- _Work to be completed_
Copy each line of the records exactly, stopping only after the line that contains "実際の整備工場の見学、タイヤの空気入れやウォッシャー液の補充など、" has been written, and leave pictures out.

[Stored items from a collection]

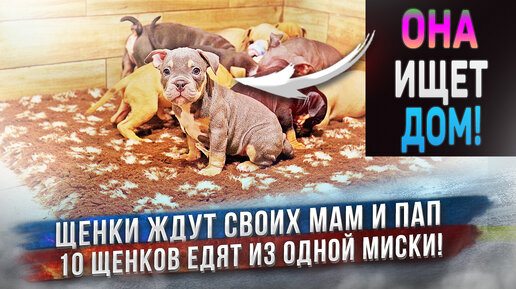 Сразу 10 щенков едят из одной миски одновременно! Из них 3 щенка всё еще ждут своих новых хозяев!
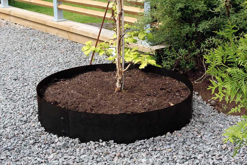 Förenkla underhållet i din trädgård med hjälp av en trädring. En trädring ramar in dina träd på ett snyggt sätt och du slipper gräs som växer in mot stammen. Trädringen är även fin att ha runt ett prydnadsgräs eller buske. Du kan också använda en hög trädring istället för en pallkrage till mindre odlingar, köksträdgården eller det lilla jordgubbslandet – möjligheterna är många. Vår höga trädring finns i tre storlekar och tre färger; galvat, svart och corten.
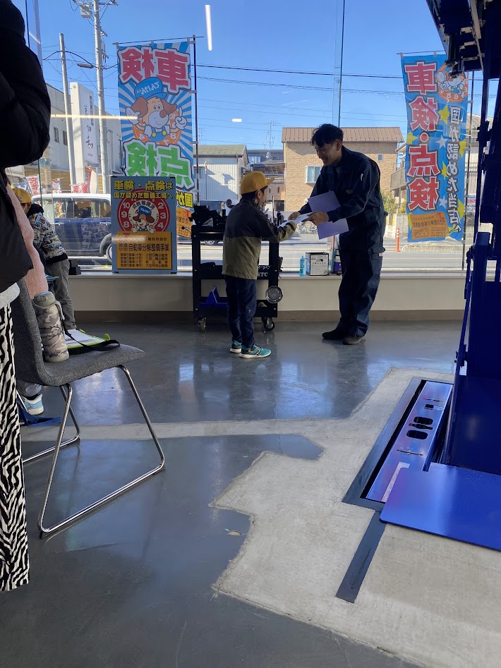 実際の整備工場の見学、タイヤの空気入れやウォッシャー液の補充など、
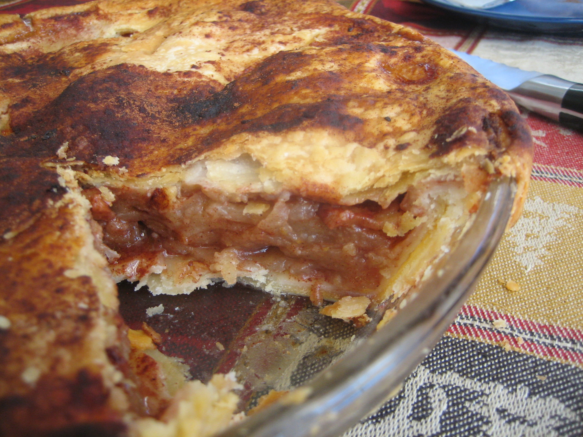 You may think that elizabites is all about stuffing your face, but from time to time, it’s about cooking or baking something, and then stuffing your face. On the tails of revealing my family’s sugar-coated eating habits in my last post, I wanted to take this opportunity to demonstrate how they are capable of using sugar in much more productive ways. Every Thanksgiving my dad whips up the most amazing apple pies (almost) from scratch, and I felt it was time to reveal the surprisingly simple recipe. He’s partial to store bought pie crusts, but feel free to use your own crust recipe. Just add a glass pie pan, Jonathan or Granny Smith apples (a tart variety is key), lemon, butter, cinnamon, sugar. Amounts, method and photos below.
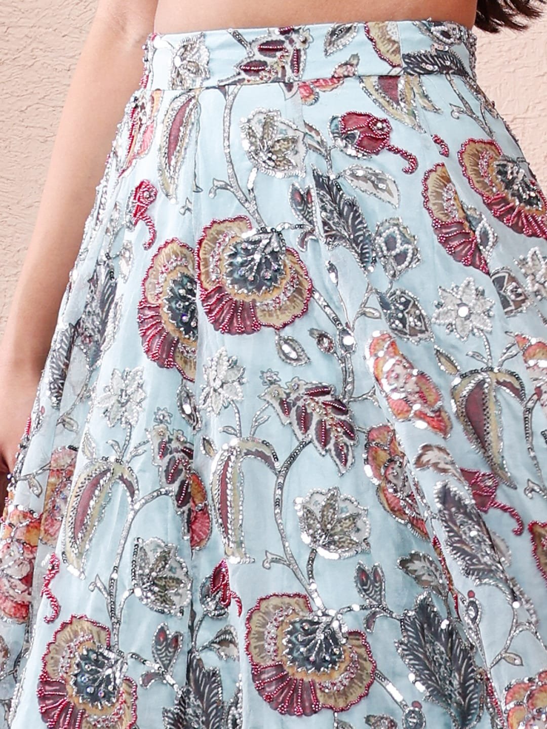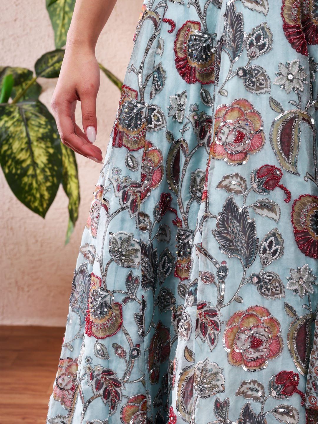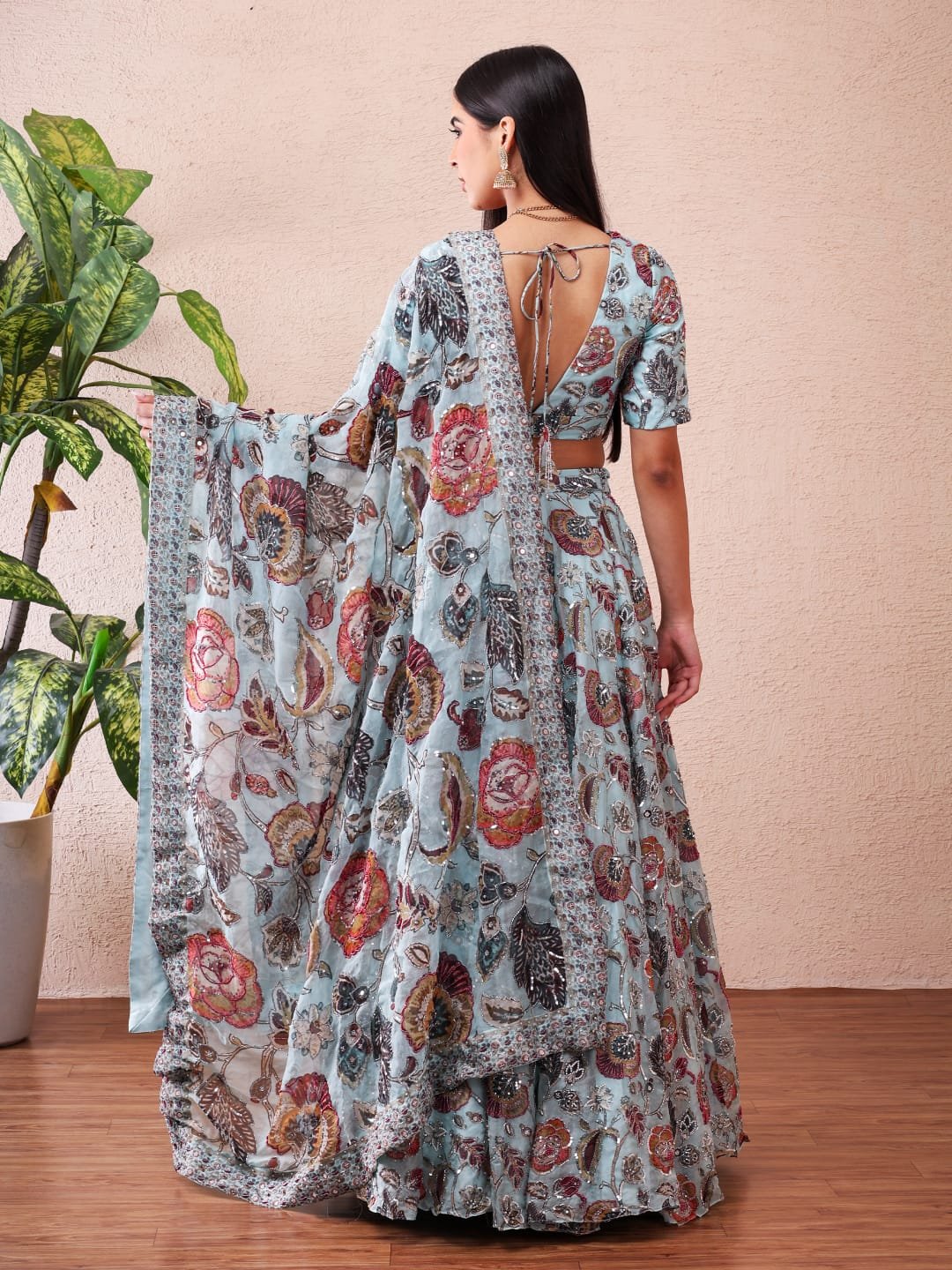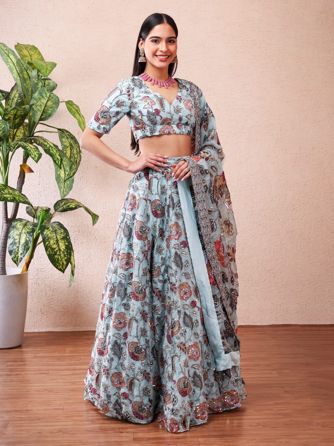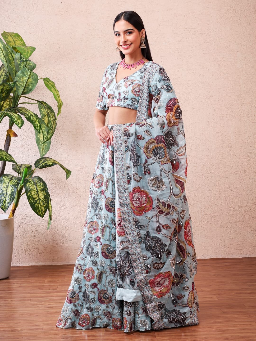 Introducing Saniya, a refreshing statement of modern elegance from Anam Bridals — an exquisite Aqua Printed Lehenga Set designed for the contemporary bride and celebratory occasions. Crafted in premium Silk Organza fabric, this lehenga features a graceful aqua base adorned with rich floral prints and intricate detailing that create a perfect balance between luxury and lightness. The blouse offers a tailored silhouette, while the flowing printed lehenga and coordinated dupatta complete the ensemble with effortless sophistication. Lightweight yet opulent, Saniya is ideal for pre-wedding functions, engagement celebrations, cocktail evenings, and festive gatherings where elegance meets comfort.

- _Solved exercise_
 Сразу 10 щенков едят из одной миски одновременно! Из них 3 щенка всё еще ждут своих новых хозяев!
 Förenkla underhållet i din trädgård med hjälp av en trädring. En trädring ramar in dina träd på ett snyggt sätt och du slipper gräs som växer in mot stammen. Trädringen är även fin att ha runt ett prydnadsgräs eller buske. Du kan också använda en hög trädring istället för en pallkrage till mindre odlingar, köksträdgården eller det lilla jordgubbslandet – möjligheterna är många. Vår höga trädring finns i tre storlekar och tre färger; galvat, svart och corten.
 実際の整備工場の見学、タイヤの空気入れやウォッシャー液の補充など、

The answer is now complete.